13 de junio del 2022

Moira había comprendido que, aunque pudiera regresar a Vereda de los Gamos, nada le quedaba por hacer en el remoto y helador 2068 más allá que enterrar a su abuelo en una zanja, malvivir con la venta de chatarra y quizás responder por la muerte de Verdú. Por el contrario, el soleado 2022 le ofrecía la posibilidad de iniciar una existencia con la que jamás se hubiera atrevido a soñar. Bajo tal consigna había perfilado su plan.

Así, cuando Judith se acercó a ella tras asistir a Delia, a Andrés y al extranjero —que resultó ser un eslovaco de vacaciones en el Madrid del 2053—, dejó que el silencio se estirase antes de afirmar con determinación:

—Mi único deseo es morir al aire libre.

—No será posible.

Moira esbozó una sonrisa sardónica.

—Lo que no es posible es que ese chalado desplace cuatro cadáveres allá donde tenga pensado sepultarnos… ¿o es que va a ayudarlo usted?

—En realidad… no tengo claro cómo pretende…

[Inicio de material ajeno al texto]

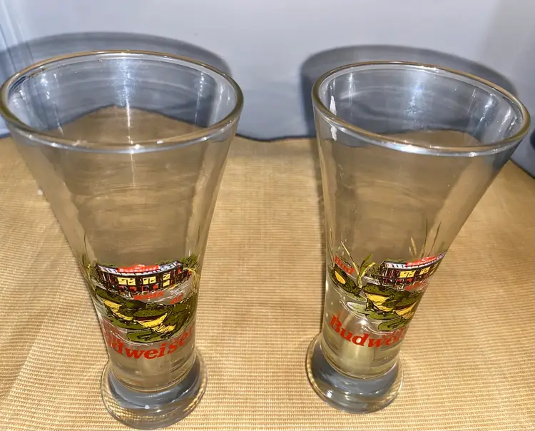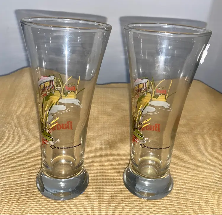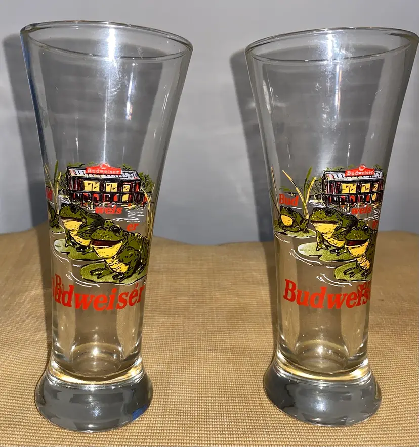 1996 Budweiser 2 glasses Bud Weis Er Frog 7.25 tall and 3” diameter at top. Flared. Nice condition

—Bruno lo ha visto marchar al amanecer con dos azadas al hombro y regresar cubierto de polvo —la interrumpió la joven—. Usted va a convencerlo de que la mejor opción es trasladarnos vivos hasta la fosa que excava para nosotros. Una vez allí me será fácil reducirlo y huir.

Moira detectó la duda en el mutismo de Judith.

—Bruno dice que, en cuanto usted supo de las actividades de su padre y de nuestra existencia, se lo contó —prosiguió—. Reconozca que lo hizo para implicarlo: buscaba un aliado para nuestra salvación.

Judith dobló la nuca y dejó la vista clavada en el techo.

—¡Ah! Pobre Bruno… ¿sabes que se ha enamorado de ti?

Claro que lo sabía. Del mismo modo que la desdicha, la inteligencia, la sensibilidad y la ahora recóndita apostura del joven habían doblegado su propio ánimo.

—Hágalo entonces por él.

Judith dejó ir un suspiro agotado.

Moira no insistió. Se limitó a paladear la libertad en la mirada encharcada de la psicóloga.

14 de junio del 2022

A través de la luna trasera observaba las sacudidas del coche que los seguía. Cada vez que pisaba un bache quedaba en equilibrio sobre tres ruedas y seguía avanzando sin perder la estela de la furgoneta a la que los había subido Álvaro diez minutos antes.

Cuando se detuvieron, el hombre bajó y abrió precipitadamente el portón.

—Fuera, rápido —les espetó.

Acababa de rayar el día y un mínimo rastro de bruma enmarañaba los olivos. El tempranero canto de las chicharras anunciaba una nueva jornada calurosa. Quedaron varados en tan bucólico entorno a la espera de que del otro coche descendieran Judith y Bruno.

El joven había manifestado también una última voluntad: morir junto a ellos.

Moira no había contado con aquello. Álvaro, tampoco. Solo asomaba el desencanto a su rostro. Que Bruno hubiera optado por inmolarse al lado de las víctimas colaterales de su enfermedad, debía parecerle una traición.

Desfilaron juntos y en lúgubre procesión hasta el borde del hoyo donde Álvaro, en un ominoso silencio, extrajo de una bolsa de tela cinco minúsculos frascos de vidrio. Los repartió como el que distribuye cromos en la puerta de un colegio.

A su hijo, sin mirarlo a la cara, le preguntó:

—¿Estás seguro? Quizás los siguientes…

—No quiero ser partícipe. Déjame ir en paz.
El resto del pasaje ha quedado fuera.